* _ASSIGNED TASK_
Among the entries below, which lines run from the line with "今年度は新型コロナウイルス感" through the line with "年度ASI显示的是某个行政区"? Retype those, both ends included, exactly and without pictures.

* _GIVEN DATA_
--
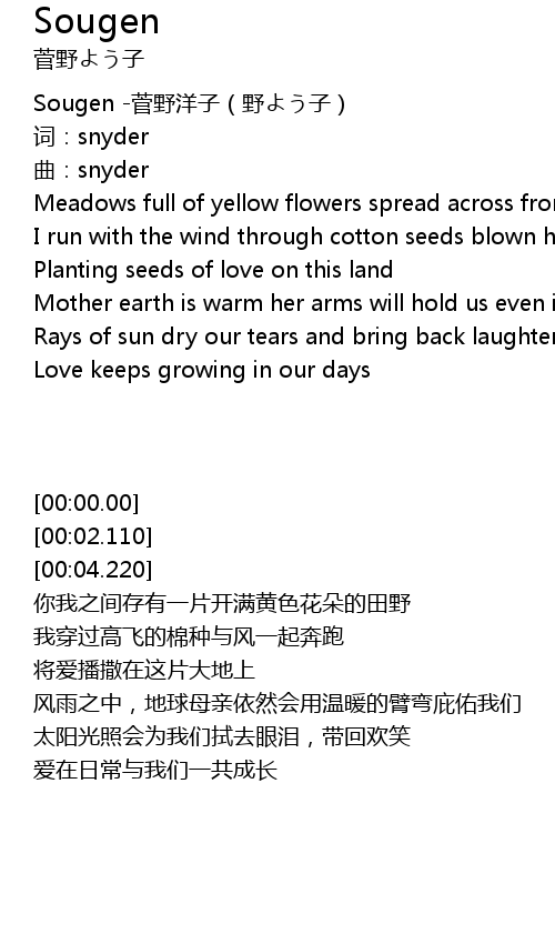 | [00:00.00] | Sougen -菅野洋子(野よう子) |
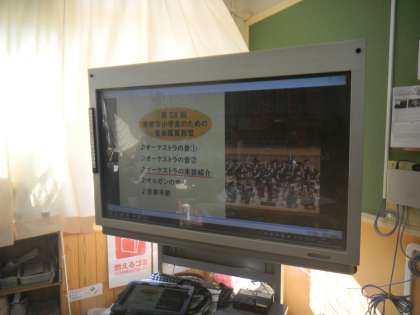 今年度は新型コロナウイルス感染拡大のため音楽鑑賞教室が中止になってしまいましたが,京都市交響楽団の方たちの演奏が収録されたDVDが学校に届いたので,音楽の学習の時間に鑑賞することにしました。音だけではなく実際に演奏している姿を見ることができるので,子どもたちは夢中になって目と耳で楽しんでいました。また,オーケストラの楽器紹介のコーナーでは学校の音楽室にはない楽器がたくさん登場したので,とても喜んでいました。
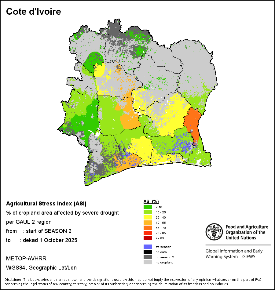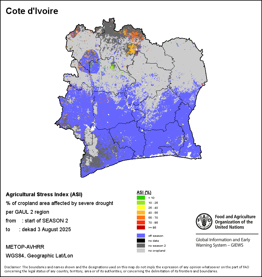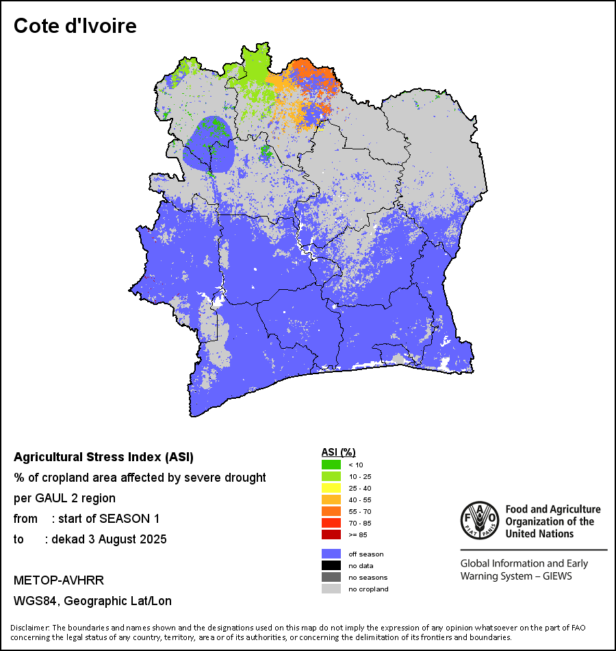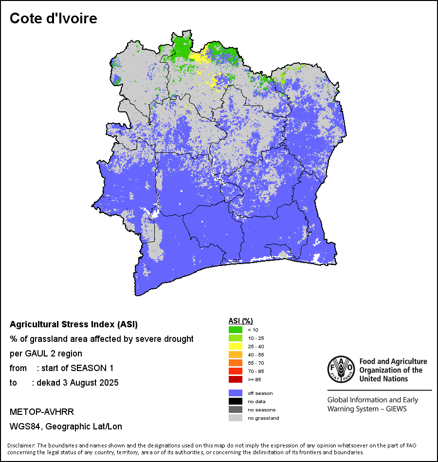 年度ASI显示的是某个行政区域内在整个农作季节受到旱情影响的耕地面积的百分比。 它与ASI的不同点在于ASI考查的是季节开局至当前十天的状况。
--
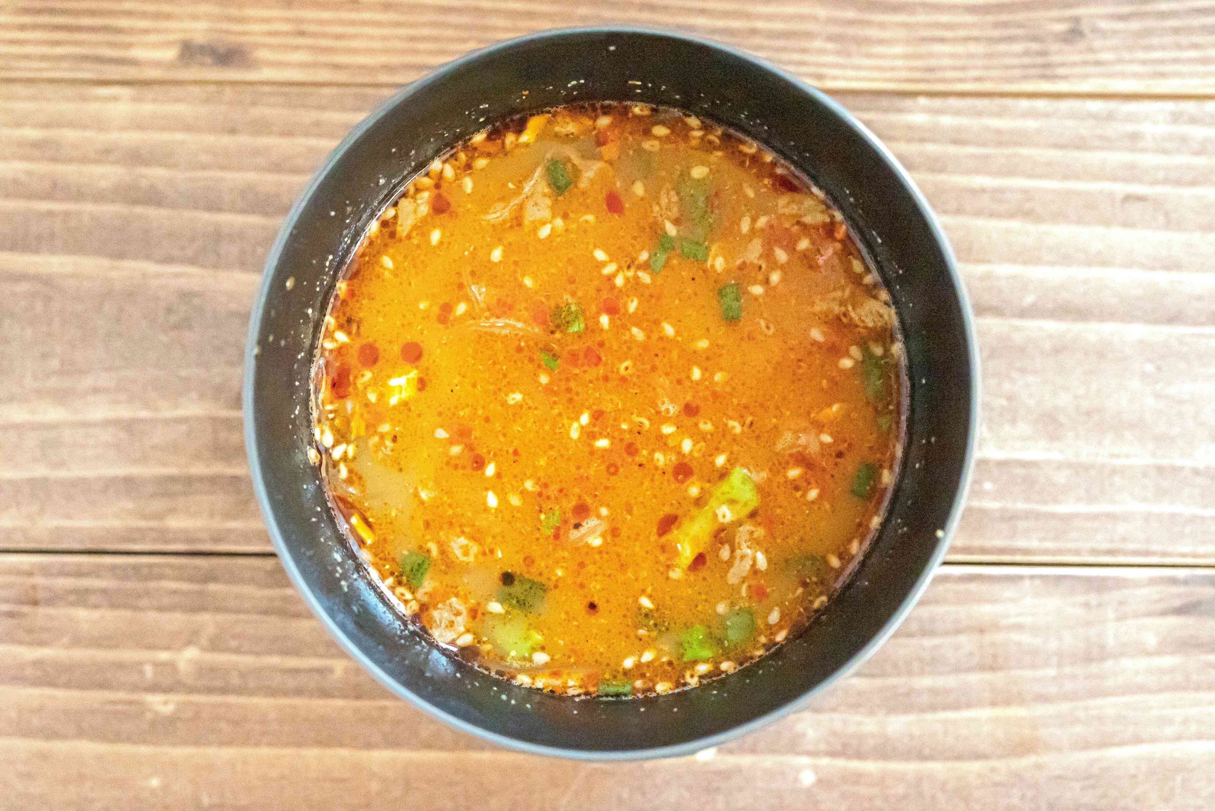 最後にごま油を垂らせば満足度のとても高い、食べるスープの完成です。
--
* _TASK RESULT_
 今年度は新型コロナウイルス感染拡大のため音楽鑑賞教室が中止になってしまいましたが,京都市交響楽団の方たちの演奏が収録されたDVDが学校に届いたので,音楽の学習の時間に鑑賞することにしました。音だけではなく実際に演奏している姿を見ることができるので,子どもたちは夢中になって目と耳で楽しんでいました。また,オーケストラの楽器紹介のコーナーでは学校の音楽室にはない楽器がたくさん登場したので,とても喜んでいました。
 年度ASI显示的是某个行政区域内在整个农作季节受到旱情影响的耕地面积的百分比。 它与ASI的不同点在于ASI考查的是季节开局至当前十天的状况。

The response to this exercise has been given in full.